What’s Happening With the Organ?
The Bower Hill sanctuary will buzz with activity, as our current organ is removed and a new Allen Organ is installed in time for Advent. This article explains the history and rationale for this investment.
History of the Organ At Bower Hill
- Our organ, a Hutchings, is mostly 112 years old and was installed in Bellefield Presbyterian Church in 1904. It was repaired and refurbished in 1962 by Moller and six new ranks of pipes were added (54 years old). It was purchased by BHCC in 1985 and installed in 1986 to celebrate the 35th anniversary of the church.
- In 2003, $65,000 was allocated to purchase and install the current console from California, based on the recommendation of David Daugherty. The total cost was $59,402.12
How Does an Organ Make Sound?
Our organ sounds are created with 2064 wind-blown pipes. Each pipe has its own valve which opens and closes a leather pouch located in the wind chest under each pipe. When a key is pressed, the appropriate valve opens (deflates) a leather pouch that allows the pipe to receive the air that makes it speak.

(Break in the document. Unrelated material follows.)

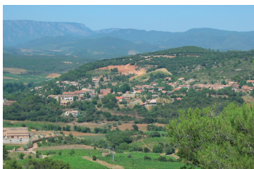
Vue sur le village de Pierrerie

Pierrerie a été bâti autour d'une source : la Font Petrarua, aujourd'hui la fontaine et les lavoirs sont le témoignage de cette vie autour de l'eau. Sur un mur de la fontaine un écriteau (en partie effacé) indique : "Font Petrarua : En 860, près de ces bassins existait depuis longtemps Villa Petrarua, mentionnée encore sous ce nom dans les lettres de Saint-Louis en 1247. Avant de devenir en 1373 Peyrasrua sous le régime de Jean le Bon. En 1643, il s'écrit Peyrerue. Depuis 1770 nous sommes à Pierrerie et l'eau coule toujours".

Excerpt from David Daugherty’s 2005 Annual Report
How long has the organ been failing?
Though the current console had been installed in 2003, Daugherty’s 2005 Annual Report indicated that an eventual rebuilding of the organ would be necessary.
o Electro-pneumatic systems had begun to fail (inner workings of the organ).
o Leather pouches in pedals had begun to fail.
o Valves attached to leather pouches had begun to fail throughout the instrument.
o Electro-pneumatic tremulants had failed at 100%.
o Chimes had failed at 100%.
o Ped 16’ Diapason pipes had become physically inaccessible to service.
o He recommended that a redesign and rebuilding of the entire section of organ would be necessary to rectify the problems.
What has happened since 2005?
- All pedal pipes need to be re-leathered. This is the cause of the frequent ciphers that have interrupted worship (approximately $3,024 to repair).
- At the Henney funeral, numerous knobs literally flew out of the organ as I hit combinations. This is jarring for the musician and, potentially, the congregation.
- Approximately 32% of the organ ranks are damaged – mostly in the pedal.
- The 4th keyboard on the console is physically sinking, putting pressure on the swell keyboard. This will eventually render the swell- about 1/3 of the organ-unusable.
- Shutters have continued to fail.
- Pipes have been repaired with Duct Tape and string.
The bulk of our instrument is 100 years old and is far too small for the size of the sanctuary. The console is far too large for the instrument, and is, itself, failing. If we were to redesign and rebuild it, it would likely cost in the neighborhood $500,000, and we would continue to have 100 year old parts that would still cause problems. A completely new pipe organ, appropriately designed for our sanctuary, would likely cost more than $1M. This led us to consider electronic instruments, which if done well, are indistinguishable from pipe organs.
Allen Organs, the gold standard of electronic instruments, is the vendor that supplied the organ at Heinz Hall, and an Allen Organ replaced the pipe organ at Rodef Shalom Congregation.
At its June Meeting, the Session voted unanimously to purchase a CF-62 Series organ from Allen at an estimated cost of $105K.
Meet the C-F 62 Chancel Organ!
57 Stops / 3 Manuals
- Larger instrument and audio package than is used at Heinz Hall.
- 12 key transposer, to make all hymns singable and accessible to instrumentalists.
- Speakers in the rear of the church will fill the space with sound.
- Voicings are spread over speakers in 4 different locations, so it will sound like a true pipe organ.
- Custom console designed to our specifications.
- 10 year warranty, zero dollars maintenance.
- Never goes out of tune.
- Projected to be fully installed in time for Advent!